Hundreds of civilians died last month in a series of attacks by Islamist terrorists. Russia’s President Vladimir Putin responded by strengthening the central government’s powers. Recently, a group of experts debated the issue of terrorism and democracy in Russia at the Washington-based American Enterprise Institute. VOA’s Jaroslaw Anders was there.
Few analysts doubt that the recent surge of terrorist attacks in Russia is linked to the festering conflict in Chechnya, a separatist region in the northern Caucasus. But Leon Aron, Director of Russian Studies at the American Enterprise Institute, says the terror has a logic of its own, which poses a tough dilemma to Western leaders.
“On the one hand we must persuade Russia to change its policy in Chechnya,” he says, “because it is the Chechnya based terrorism that is causing deaths in Russia and, I am convinced, will expand beyond Russia to Europe. But at the same time, we ought to try to help Russia as much as we can in the war on terrorism itself. This is a dual policy of tremendous intricacy and the United States is not very good at pursuing dual track policies of this type of delicacy and stakes.”
Nicolas Gvosdev, a senior fellow at the Nixon Center and the executive editor of The National Interest, points out that the Chechen issue has more sides than is usually acknowledged. He says many of Chechnya’s Caucasus neighbors see Russian domination as preferable to the chaos and violence that could erupt if Moscow withdrew its forces.

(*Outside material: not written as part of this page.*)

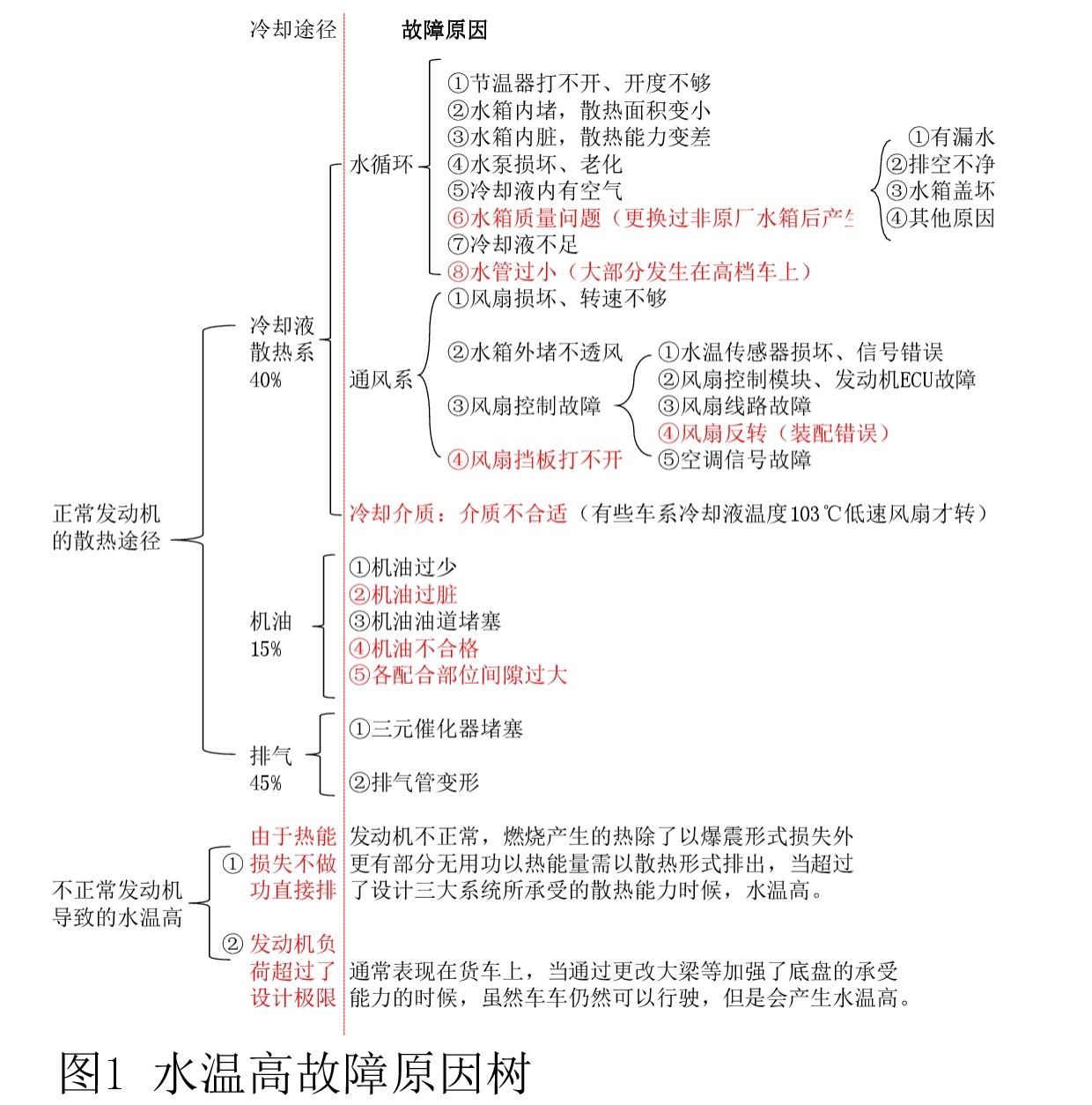 故障诊断,但是故障点是在潜意识里的假设条件里面的时候,很多技师就不能解决问题了;其次想要弄清楚水温高的原因,我们还要了解发动机的散热渠道到底有多少个,以本人的理念,发动机散热三大渠道,机油润滑系统占大概15%(包括机油泵、油底壳、有些还包括散热器等),冷却液系统大概占40%(包括冷却介质、水泵、水管、节温器、水箱、风扇及其控制系统),排气系统大概占45%(这个是大概数,没有准确依据);再次,我们意识里必须明白,三大渠道散热能力也有个总上限,三大散热渠道中每个散热渠道都有散热的上限的,由于某个渠道散热功能丧失或者部分丧失,其本应由其承担的散热功能就只能够由其他两个大渠道去承担,相当于故障发动机总的散热能力下降了,到一定负荷程度,水温高的故障现象就不可避免的出现了。由于没有对以上三条基本的条件充分认识,在平时维修过程中,大部分技师会忽略这个或者哪个故障源,在故障分支水循环中的⑧水管过小是一个大部分技师可能会忽略的因素--这种情况大部分发生在高档车上,典型的故障现象是:低转速时候水温会高,为什么呢?因为水管径小了,达到正常工作水温的时候,流经水箱的水相对于暖风箱的水按比例计少了不少,这样即使通风系无问题,也会导致低转速的时候水温略高;在风扇控制故障里,④风扇反转(装配错误)以及⑤空调信号故障也常常被许多技师所忽略。但是不管如何如果我们对照图1的水温高的的故障原因树(或者其他后果等同于图1中某个故障源的原因),图1中标记红色的故障因素,是许多技师容易忽略的,但是一句话,熟悉了图1的表所有故障原因以及等同的因素,没有理由找不到水温高的故障原因的。在所有水温高的因素里,通常,技师们考虑得比较少的还有机油散热功能(可能有部分技师认为机油只是起到润滑作用,其实在润滑过程中包含了散热的功能)与发动机非正常工作或者负荷超过了发动机设计极限时工作的水温高!例如:有辆五菱之光面包车,由于水温“高”故障,经更换了水箱、缸垫、风扇、水泵等等几乎全部东西后,问题仍得不到解决,令人奇怪的是,每次在厂里维修更换某样东西,出去试车,不管如何试车,都没有水温高的情况出现,但车主开回去使用不超3天,又反映使用过程中水温高!后来本人介入维修,询问了车主水温高的时候到底是拉了多重的东西,原来这面包车是当做货车用,拉日用品,拉了1.5吨多+3个人,这种超过了厂家设计的承受能力使用方法,是不可避免的导致水温高、并加速发动机损坏的!再如:有辆拖车,每次拖车的时候水温略高,检查了除机油以外的所有东西,结果仍问题没有解决,后来询问到机油好久没有换了,换了机油后再使用,再无水温高的现象。许多一线技师在解决水温故障的时候,根本心里不清楚发动机的散热途径到底有多少,一般,他们考虑的只是排气系与冷却液散热系,没有考虑机油方面,少考虑了一个方面,结果有些水温高故障,他们永远也弄不清楚,即使问题解决了,可能也不知道是哪里的问题!因此,本人定义的水温高为:在发动机工作过程中,由于三大散热系统中的某个或者多个散热(分)系统中有一个或者多个部件存在功能故障、或者发动机工作异常、车辆实际负荷超过了设计的极限,导致发动机工作过程中燃烧产生热能除了转化为机械转动能、震动能后的余热不能及时消除而产生水温超过了设计限度的现象。

“There is a kind of three-sided dynamic where the conflict in the region is not simply between a federal center and a separatist province seeking independence,” he says. “It also has features of a civil war within Chechnya between different clans, because there are several very pro-Moscow clans within Chechnya that see their own interest as remaining within the Russian Federation. And then there is the question of other regional leaders who have an interest in either containing Chechnya or seeing it not become independent.”
Fiona Hill, a senior fellow at the Brookings Institution, who visited Russia after the school massacre at Beslan in Ossetia, points out that the Chechen conflict is only the most obvious sign of a much larger crisis:
“The situation in the North Caucasus as a whole, all of this broader region, which in fact in Russian parlance, extends not just to the ethnically designated autonomous republics of the North Caucasus but also to Stavropol, Krasnodarski Krai, and as far as Rostov-on-Don -- this whole region is becoming increasingly desperate on the social, economic and political levels, as well as on the security level. So this is not simply the question of Chechnya that we are talking about here. Russia has much bigger problems.”

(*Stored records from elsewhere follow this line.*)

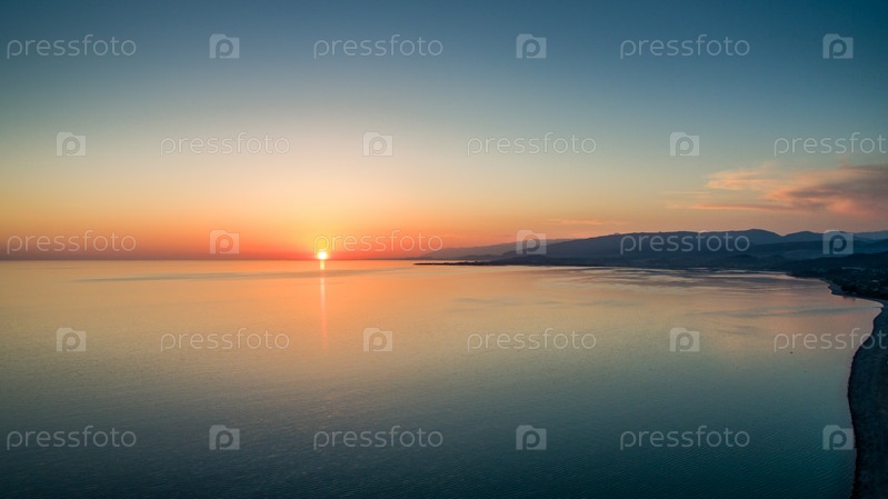Закат над спокойным морем с высоты птичьего полета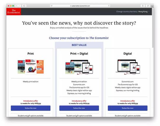 看这订购页面,就是不断被营销专家和增长黑客们提及的“价格锚定”的案例,傻子才(不)选最中间那档 Print+Digital。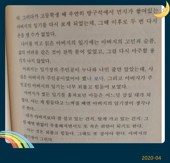 小時候,我以為日記的主人公是我和姐姐,而實際上爸爸才應該是日記的主人公。而且,日記中的爸爸看起來異常孤單疲憊。那個曾經(jīng)偷看爸爸日記的兒子現(xiàn)在也已經(jīng)30多歲了,每當我為生活而感到疲憊的時候,我都會想起爸爸的日記。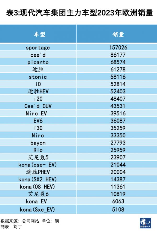 在欧洲,现代汽车集团卖得最多的车型是sportage,2023年达到约16万辆,另外,途胜系列和cee’d系列车型销量也达到约13万辆,卖得最好的新能源车型是kona系列,包括纯电、混动车型合计销量达到约6万辆,艾尼氪5和EV6车型分别为2.4万辆和3.6万辆。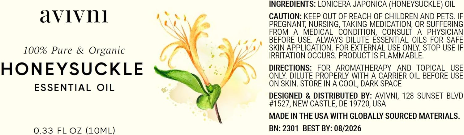 Avivni Honeysuckle Essential Oil - 100% Pure & Natural, Undiluted for Aromatherapy, Hair, Diffuser (0.33oz - 10ml)

Responding to the terrorist threat, President Putin increased the powers of his security apparatus and limited the scope of local self-government. Some analysts believe he simply used terror as a pretext to consolidate his grip on power.

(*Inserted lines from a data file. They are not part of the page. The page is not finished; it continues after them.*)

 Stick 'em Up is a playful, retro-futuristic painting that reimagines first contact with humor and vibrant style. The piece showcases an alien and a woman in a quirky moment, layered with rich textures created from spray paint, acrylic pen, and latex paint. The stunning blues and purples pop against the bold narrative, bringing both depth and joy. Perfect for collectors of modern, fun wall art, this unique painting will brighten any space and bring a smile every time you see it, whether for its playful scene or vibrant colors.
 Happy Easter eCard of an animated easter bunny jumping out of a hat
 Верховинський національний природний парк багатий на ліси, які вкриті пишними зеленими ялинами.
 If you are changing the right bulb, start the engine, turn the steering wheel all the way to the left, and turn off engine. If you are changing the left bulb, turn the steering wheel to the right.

A former Polish Deputy Foreign Minister and an American Enterprise Institute scholar, Radek Sikorski, says that after the terrorist attacks in Russia, there was a swell of international solidarity with the Russians similar to the pro-American reaction after the attacks of September 11th. But in Mr. Sikorski’s view, the honeymoon was short-lived, especially in the countries of the former Soviet bloc because some measures used by Moscow reminded Eastern Europeans of old Soviet policies.
But Fiona Hill of the Brookings Institution says fear of Russian imperialism and autocracy may be premature. In her view, President Putin’s recent anti-democratic moves are proof of weakness and desperation rather than a consolidation of power.
“He is again back to where he was when he first came to power,” she says, “talking about these fears of rozpad, rozval, meaning ‘collapse,’ ‘disintegration.’ And I feel what we are going to see now is a hollow, watered down state rather than a strong one as the result of those governance changes.”
Many western analysts say all of that does not promise a quick solution to the Chechen problem or the terrorist threat. Some analysts suggest that international intervention could break the impasse. But they doubt whether the world community is ready to take on another volatile region or whether President Putin will allow foreign involvement within the Federation’s borders.